» RECORDS SHOWN:
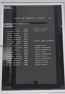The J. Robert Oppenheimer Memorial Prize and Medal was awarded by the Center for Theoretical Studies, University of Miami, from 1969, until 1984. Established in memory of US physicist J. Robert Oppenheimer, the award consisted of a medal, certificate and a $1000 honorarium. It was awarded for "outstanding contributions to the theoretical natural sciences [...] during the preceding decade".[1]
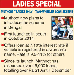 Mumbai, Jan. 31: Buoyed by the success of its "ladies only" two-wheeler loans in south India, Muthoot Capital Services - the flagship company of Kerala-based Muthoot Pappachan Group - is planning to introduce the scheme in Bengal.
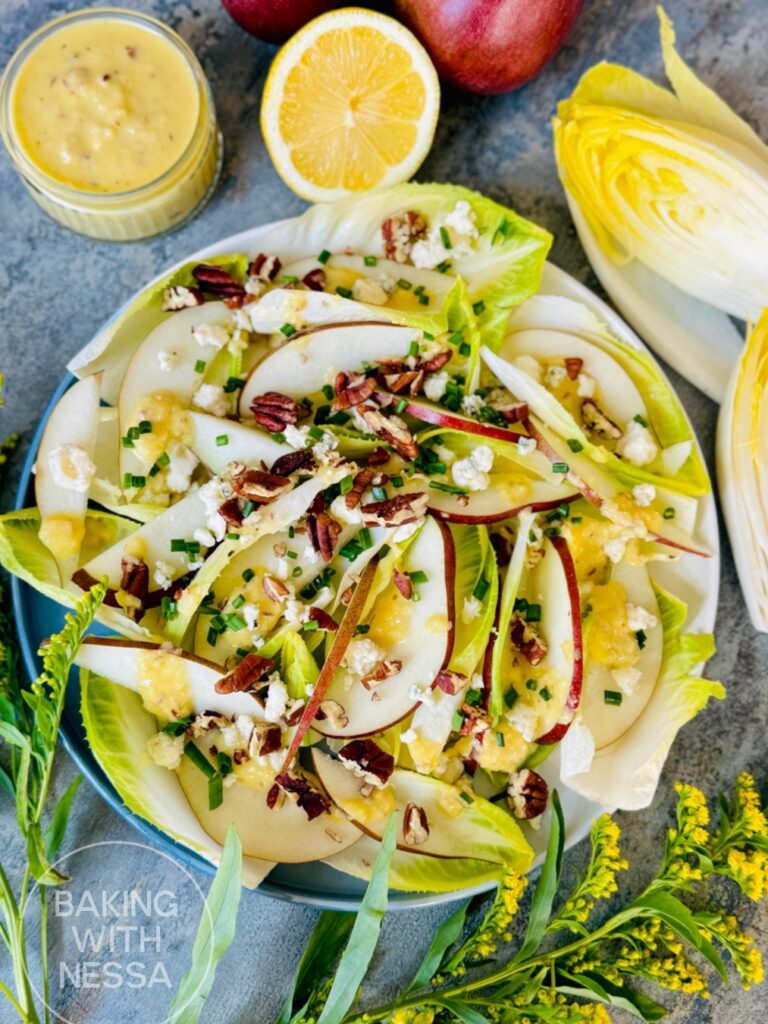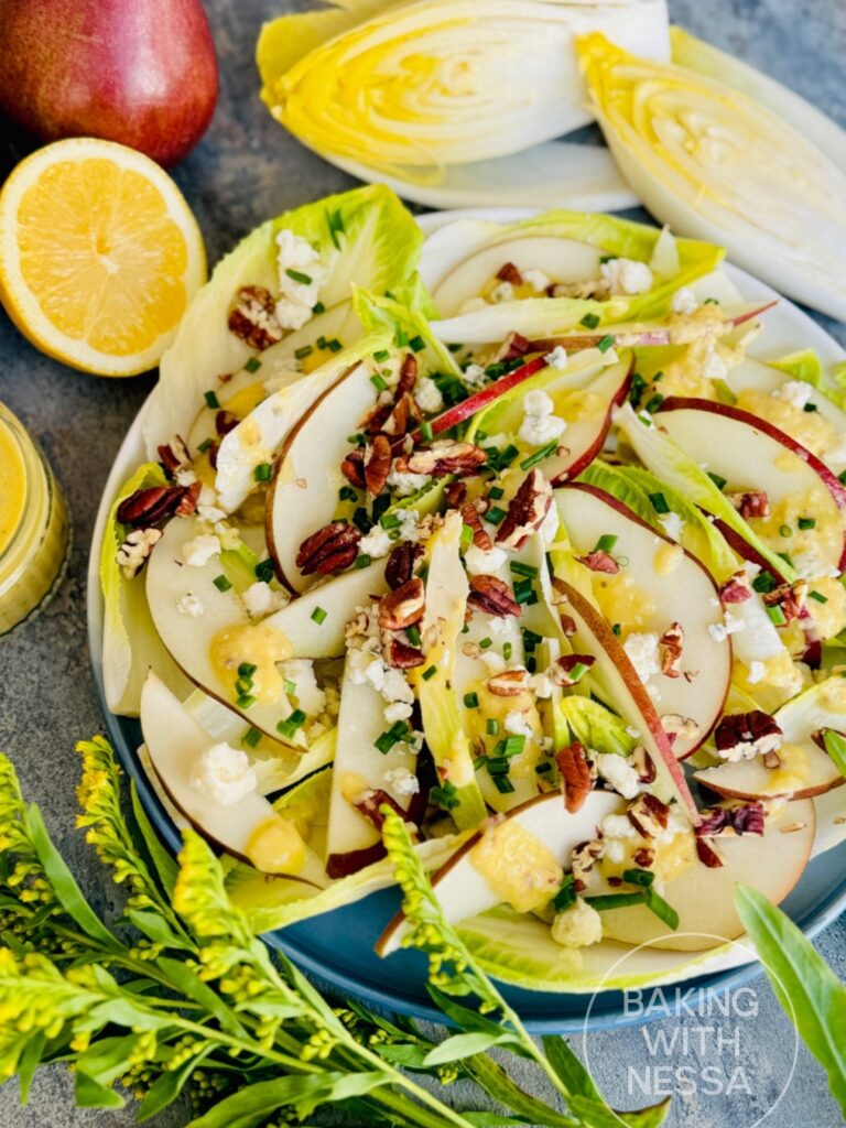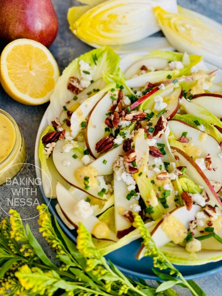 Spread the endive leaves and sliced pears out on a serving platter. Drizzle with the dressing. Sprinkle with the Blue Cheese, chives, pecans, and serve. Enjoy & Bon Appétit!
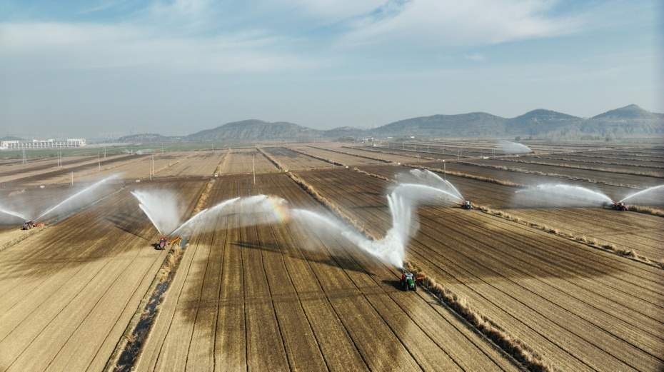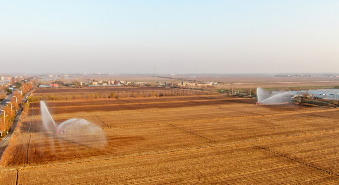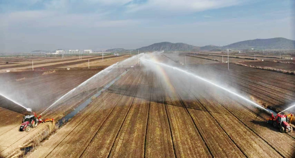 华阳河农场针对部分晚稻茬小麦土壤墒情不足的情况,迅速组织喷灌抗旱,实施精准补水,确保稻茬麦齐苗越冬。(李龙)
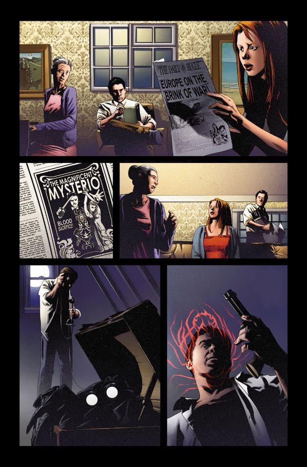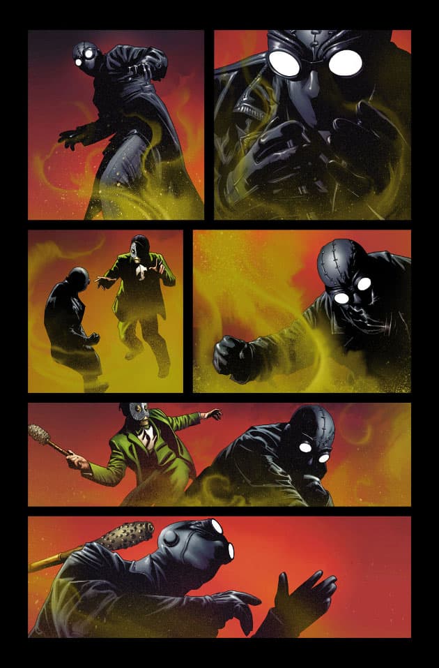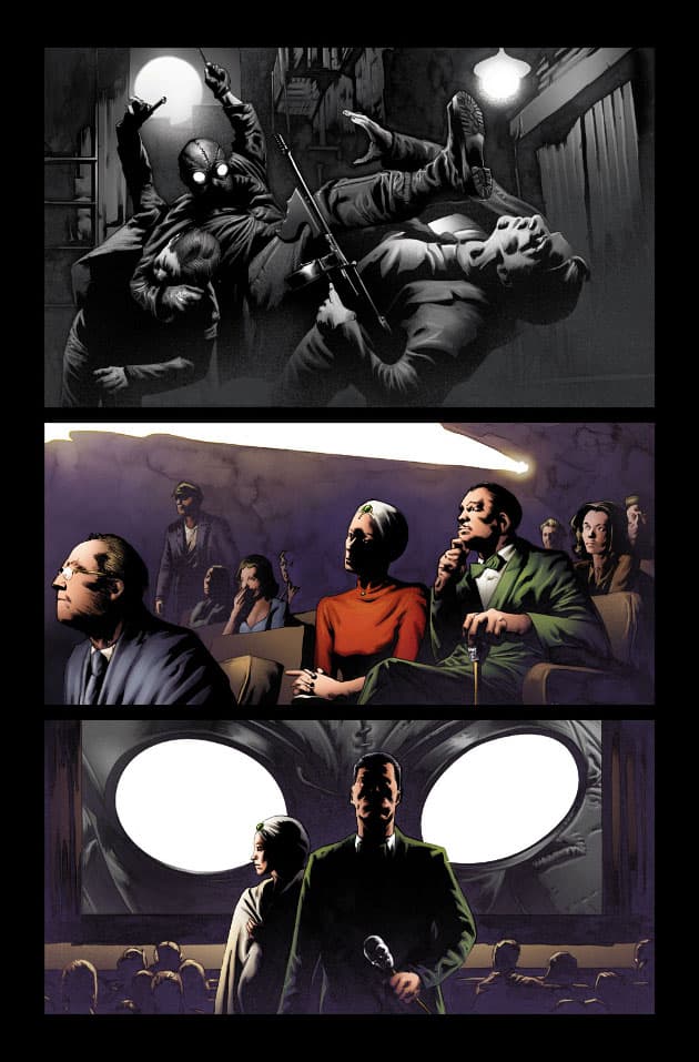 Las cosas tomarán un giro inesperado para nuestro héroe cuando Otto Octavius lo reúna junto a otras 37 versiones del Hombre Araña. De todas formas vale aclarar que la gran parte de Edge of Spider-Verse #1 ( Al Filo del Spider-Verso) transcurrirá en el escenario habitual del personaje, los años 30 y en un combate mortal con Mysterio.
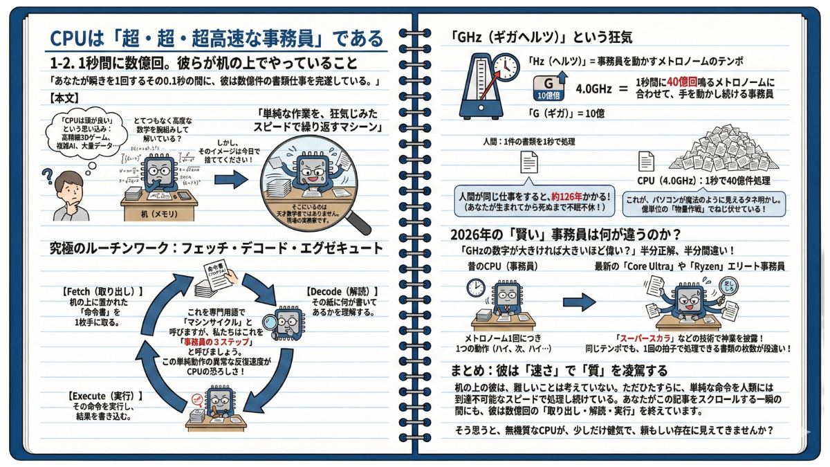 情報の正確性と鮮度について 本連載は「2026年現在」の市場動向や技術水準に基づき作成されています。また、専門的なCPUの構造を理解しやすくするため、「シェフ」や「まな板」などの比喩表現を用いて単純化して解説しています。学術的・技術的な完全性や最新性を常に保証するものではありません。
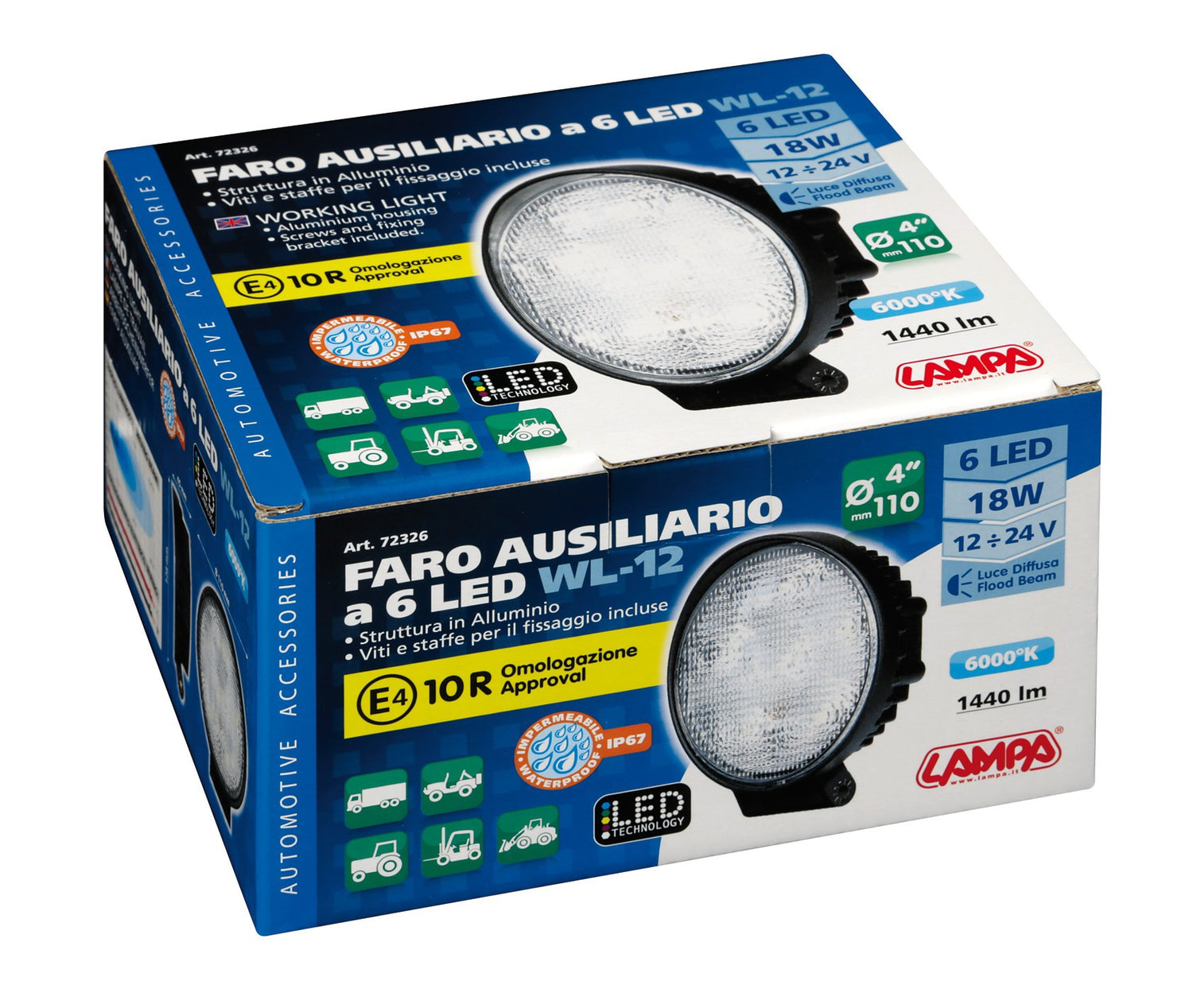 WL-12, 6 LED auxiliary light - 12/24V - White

» WHAT IS EXPECTED: What you give back should be exactly the lines from the line holding "Mumbai, Jan. 31: Buoyed" through the final line of the material, both ends included, and please leave out the pictures.

» RESULT OF THE TASK:
 Mumbai, Jan. 31: Buoyed by the success of its "ladies only" two-wheeler loans in south India, Muthoot Capital Services - the flagship company of Kerala-based Muthoot Pappachan Group - is planning to introduce the scheme in Bengal.
 Spread the endive leaves and sliced pears out on a serving platter. Drizzle with the dressing. Sprinkle with the Blue Cheese, chives, pecans, and serve. Enjoy & Bon Appétit!
 华阳河农场针对部分晚稻茬小麦土壤墒情不足的情况,迅速组织喷灌抗旱,实施精准补水,确保稻茬麦齐苗越冬。(李龙)
 Las cosas tomarán un giro inesperado para nuestro héroe cuando Otto Octavius lo reúna junto a otras 37 versiones del Hombre Araña. De todas formas vale aclarar que la gran parte de Edge of Spider-Verse #1 ( Al Filo del Spider-Verso) transcurrirá en el escenario habitual del personaje, los años 30 y en un combate mortal con Mysterio.
 情報の正確性と鮮度について 本連載は「2026年現在」の市場動向や技術水準に基づき作成されています。また、専門的なCPUの構造を理解しやすくするため、「シェフ」や「まな板」などの比喩表現を用いて単純化して解説しています。学術的・技術的な完全性や最新性を常に保証するものではありません。
 WL-12, 6 LED auxiliary light - 12/24V - White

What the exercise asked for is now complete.